Inquérito policial nº 050.08.050982-7 – MM. Juízo do DIPO 3

Investigado: (...)

 

 

 

 

 

 

 

 

 

 

                                     O presente inquérito policial foi instaurado porque (...) (interrogado a fls. 07) praticou, em tese, crime de furto tentado (CP, art. 155, caput, c.c. art. 14, inc. II).

 

                            Pelo que consta dos autos, no dia 03 de julho p. passado, no interior do estabelecimento empresarial denominado “Extra Hipermercado”, situado na Av. Brigadeiro Luis Antônio, n. 2.013, bairro Bela Vista, nesta Capital, o agente, subtraiu, para si, 41 (quarenta e uma) barras de chocolate, avaliadas em R$ 167,59 (cento e sessenta e sete reais e cinqüenta e nove centavos) (auto de avaliação de fls. 12).

 

                                     Ao término das investigações, o d. Promotor de Justiça requereu o arquivamento dos autos, baseando-se na atipicidade da conduta, por entender presente a figura do art. 17 do CP e no princípio da insignificância (fls. 35/37).

 

                                     A MM. Juíza, discordando do pedido, remeteu os autos a esta Procuradoria-Geral de Justiça, aplicando o disposto no art. 28 do CPP (fls. 39/40).

 

                                     É o relatório.

 

                                      A tese abraçada pelo competente Promotor de Justiça, com a devida vênia, não pode ser aceita, em que pese suas bem lançadas razões.

 

                            Os objetos cuja subtração o agente tentou lograr foram avaliados em R$ 167,59 (cento e sessenta e sete reais e cinqüenta e nove centavos) (auto de fls. 12). Reconhece-se que tal valor não é expressivo, mas daí a dizê-lo insignificante, não nos parece correto.

 

                                      É importante verificar, ainda, que as testemunhas ouvidas apontaram o agente como o autor da subtração, sendo com ele encontrada a res furtivae. Os seguranças, com efeito, o abordaram no estacionamento do estabelecimento empresarial e localizaram quarenta e uma barras de chocolate no interior de sua bolsa.

 

                                     De notar-se, ainda, que o indiciado possui antecedentes criminais, notadamente por delito contra o patrimônio (fls. 20/26).

 

                                      A se aplicar o princípio da insignificância, resultando na atipicidade material da conduta, estar-se-ia dando ao agente salvo conduto para subtrair, diariamente, objetos de pouco valor econômico em prejuízo da vítima. Em outras palavras, estar-se-ia estimulando o cometimento de furtos de objetos de pequeno valor.

 

                                      De ver-se, ademais, que a jurisprudência não admite beneficiar com tal princípio agentes que reiteram na prática de crimes patrimoniais (caso dos autos). Vide STJ, R.Esp. n. 960.066, rel. Min. FÉLIX FISCHER, DJU de 14.04.2008,  pág. 01.

 

                                      Pode ser que a conduta atribuída ao indiciado seja considerada, oportunamente, como furto privilegiado (art. 155, §2º, do CP), mas não como fato atípico.

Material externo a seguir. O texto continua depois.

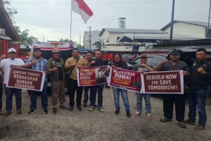 DUMAI, inventori.co.id – Majelis Persekutuan Pemuda Melayu Serumpun (MPMS) bersama beberapa elemen masyarakat menggelar aksi damai di depan PT Kilang Pertamina Internasional Refinery Unit (RU) II Dumai pada Senin (20/10/2025) pagi, pukul 09.00-11.00 WIB.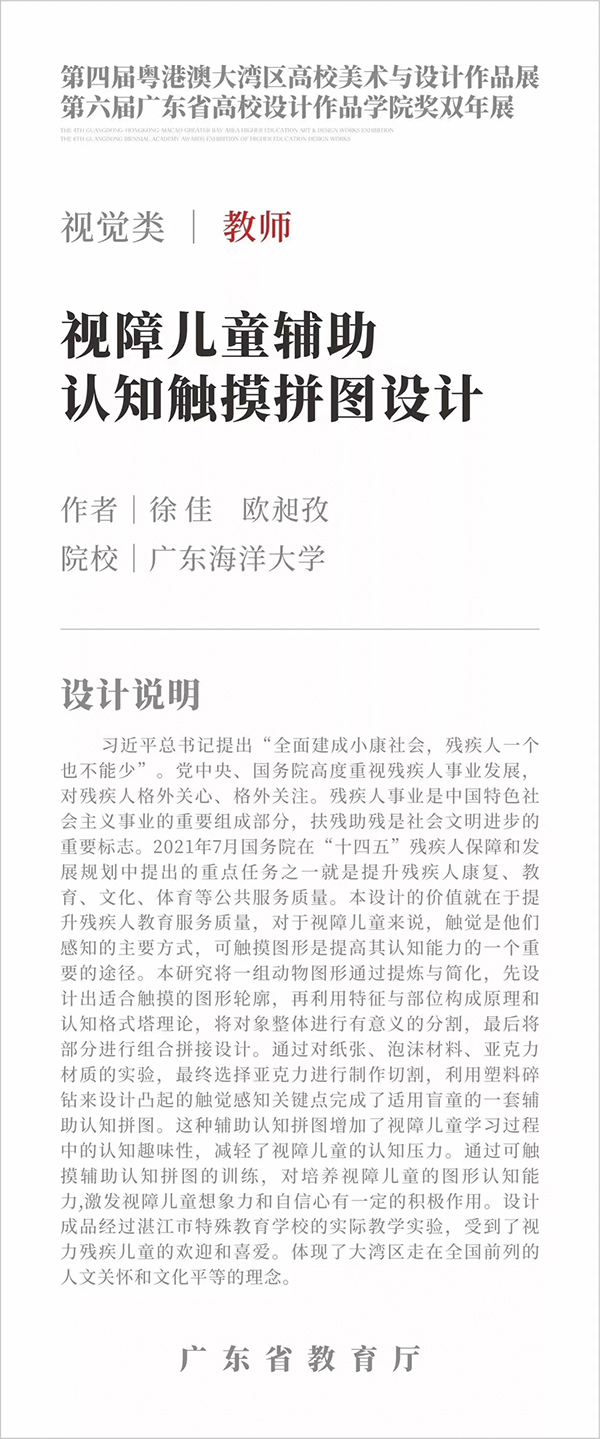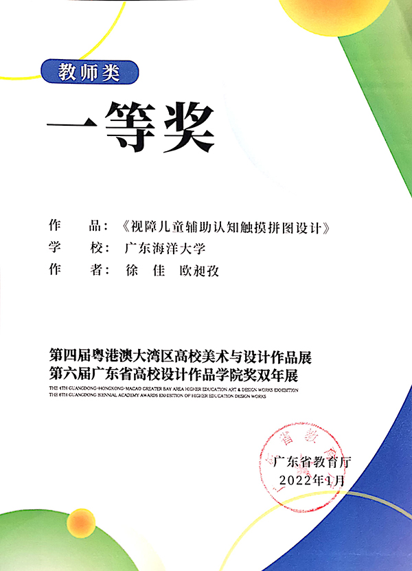 获奖作品《视障儿童辅助认知触摸拼图设计》,致力于通过无障碍设计促进我国视障儿童教育的SDGs目标实现,充分展示了学院在培养人才、服务社会方面取得的成果。学院将以此为契机,强化使命担当,坚定文化自信,继续深化专业教学与社会需求的融合创新,探索新时代教育服务社会的新模式,为粤港澳大湾区建设培养更多的优秀设计人才。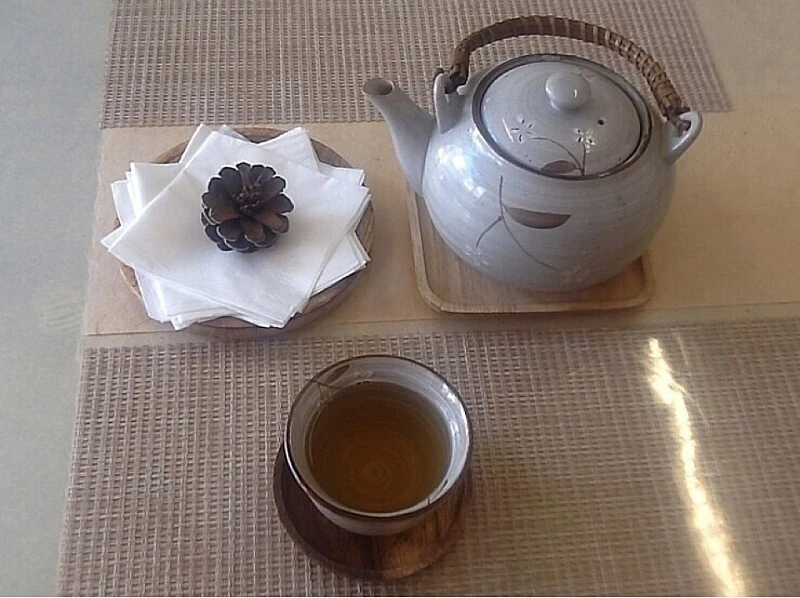 음식이 나오기전 구수한 우엉차로 입과 속을 달랬다. 내부에 걸린 ‘밥은 사랑이다’란 글귀와 냅킨 위 솔방울이 인상적이었다.

                                       

                                     Não há que se falar, portanto, em insignificância no caso sub examen.

 

                                      Com respeito ao outro argumento ventilado pelo i. Promotor de Justiça, qual seja, a de que o fato não constitui delito por força do disposto no art. 17 do CP, novamente parece-nos que não lhe assiste razão.

 

                                      O fato de que representantes da vítima não deixaram, em momento algum, de exercer vigilância sobre o patrimônio não torna atípica a conduta de quem tenta subtrair o bem.

 

                            Com efeito, o crime impossível pressupõe absolta ineficácia do meio executório ou impropriedade do objeto material do crime.

 

                            No presente caso, o objeto material era idôneo e o meio executório, eficaz. O crime não se consumou somente porque um dos vigilantes suspeitou da atitude do indiciado, acionando seguranças, que intercederam e constataram o delito.

 

                            Não há como se vislumbrar o argumento de que é impossível a consumação do fato. São incontáveis os casos que, em circunstâncias semelhantes, resultam na subtração efetiva dos bens.

 

                            Tal tese tem sido contundentemente repelida por nossos tribunais. Nesse sentido:

 

“PENAL. PROCESSUAL PENAL. HABEAS CORPUS. 
1. CRIME IMPOSSÍVEL. CONDUTA PRATICADA SOB VIGILÂNCIA. TENTATIVA POTENCIAL.
2. TENTATIVA DE FURTO. PEQUENO VALOR. PRINCÍPIO DA INSIGNIFICÂNCIA. LESÃO SIGNIFICATIVA AO BEM JURÍDICO TUTELADO. DESVALOR DA CONDUTA. TIPICIDADE MATERIAL DA CONDUTA. 
3. ORDEM DENEGADA.
1. A vigilância da conduta do agente por preposto do estabelecimento comercial não retira a potencialidade delitiva, ainda mais quando presente, no caso, a realização e a efetivação do ato volitivo de subtração.
2. É de se reconhecer a tipicidade material da conduta de tentativa de furto de bens de supermercado quando o desvalor da conduta afigura-se significativo frente à violação do bem jurídico tutelado pela norma incriminadora.
3. Na espécie, chama atenção a incongruência da defesa da acusada, cujo interrogatório foi no sentido de negar a existência do crime, enquanto que em outra linha admite-o, porém revestido da insignificância.
4. Ordem denegada”.

(STJ, HC n. 81.769, rel. Min. Assis Moura, 6ª Turma, D.J.U. de 17-03-2008, p. 01).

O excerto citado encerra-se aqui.